Loved Up explores the escapism provided by Ecstasy and rave culture, hinged upon an unlikely love story between hardened hedonist Tom (Ian Hart) and clubber-in-training Sarah (Lena Headley). The couple meet in the greasy café in which Sarah works, where she questions him on how he wants his Coke (in a glass or can, cherry, diet or regular) - a quizzing which "does his head in".

Tom is a breath of fresh air to Sarah, who is trapped in a humdrum job and constant conflict with her perpetually drunk mother. Her introduction to Ecstasy takes place within hours of meeting Tom and is a liberating experience. We follow her ascent to the high as her jaws tighten, her muscles twitch eagerly and the need to move compels her limbs.

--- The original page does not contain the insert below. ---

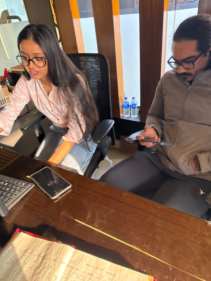 Two people are sitting at a desk. One person wears a brown jacket while looking at a phone. The second person is seated at the desk wearing a pink patterned shirt and glasses and working at a keyboard…read more

The couple soon move into together and continually suspend the need to actually talk or face reality through a readily available supply of Ecstasy. Tom is an ambiguous character, a relentless chemical head who nonetheless insists on the value of work (even though he works in a toy shop). Meanwhile, Sarah has severe problems at home - with her alcoholic mother becoming increasingly abusive to her home-alone younger sister - from which Tom provides an initial escape but eventual let-down. He avoids conflict, choosing to either drop the discussion or alleviate confrontation through another pill. The problems of Sarah's family are simply too much negative emotion.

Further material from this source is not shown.